Project lead for Shetland Islands Council Douglas Irvine said funding is also being sought from the UK Government.
The Orion Project – formerly titled Shetland Energy Hub – aims to secure a “clean, sustainable energy future for Shetland and the UK”. It is being led by the council and Aberdeen-based Oil and Gas Technology Centre.
Among its projected activities are using renewable electricity to power offshore oil and gas platforms as well as producing “industrial quantities” of hydrogen.
Other opportunities include the repurposing of infrastructure, production of green hydrogen and the redevelopment of parts of Sullom Voe Terminal.
There are hopes it could bridge the transition away from Shetland’s reliance on the oil and gas sector, while providing a sizeable employment boost too.
Speaking this week, Irvine said the project is applying for funding from the Scottish Government’s Energy Transition Fund for feasibility and concept studies.
Funding will be sought from the UK Government as part of the energy transition sector deal for upscaling and industrialisation if concept work is successful.
“We expect a decision on that application to the Scottish Government by the end of the year and we are working with a range of energy industry companies to achieve partnership arrangements,” he said.
“In the event of the funding approval being less than required the Orion Project will still proceed but within the existing project resources at a slower pace.”
Irvine also sought to clarify the carbon capture element of the project following comments made in the media by an expert in the field.
Stuart Haszeldine recently told the Press and Journal that he felt Shetland could be 20 to 30 years away from having a carbon capture and storage facility.
He is the director of research group Scottish Carbon Capture and Storage.
Carbon capture and storage is a way of capturing carbon dioxide from emissions produced by the use fossil fuels, reducing the environmental impact.
Haszeldine said larger carbon capture projects like Acorn at the St Fergus gas terminal in Aberdeenshire would be ahead of Shetland in the pecking order.

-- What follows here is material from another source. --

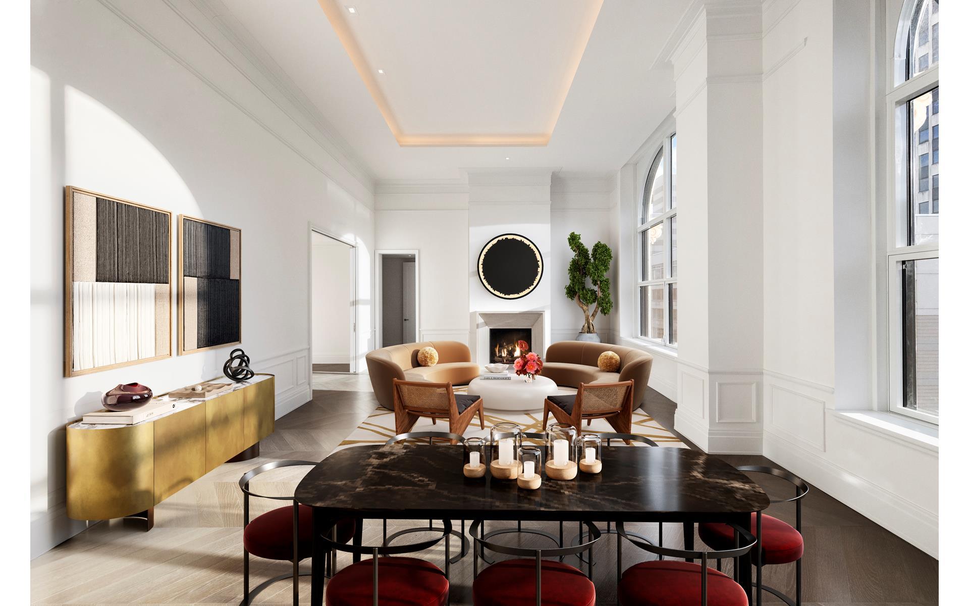 Featuring a discreet drive-in motor reception including valet parking and three luxurious attended lobbies each with its own elevator bank, 108 Leonard offers both the intimate experience of a boutique building and the breadth of over 20,000 square feet of wellness-driven amenities. Award-winning hospitality design firm Jeffrey Beers International has scrupulously restored renowned architect McKim Mead & White's Italian Renaissance Revival landmark; masterfully imbuing a distinctly contemporary yet timeless point of view within Tribeca's most iconic century-old building.

But Irvine said the Orion venture is “not primarily a carbon capture project, which need to be close to industrial zones”.
“The Orion project research relating to carbon capture is essentially about producing blue hydrogen from West of Shetland gas and then storing the carbon,” he said.
Irvine said the Orion team was keen to speak to Haszeldine to clarify the situation.
He reiterated that the carbon savings mentioned in the Orion Project are primarily from electrifying the oil fields to the west of Shetland.
Irvine also said storing carbon which has been imported in is not being considered in the project.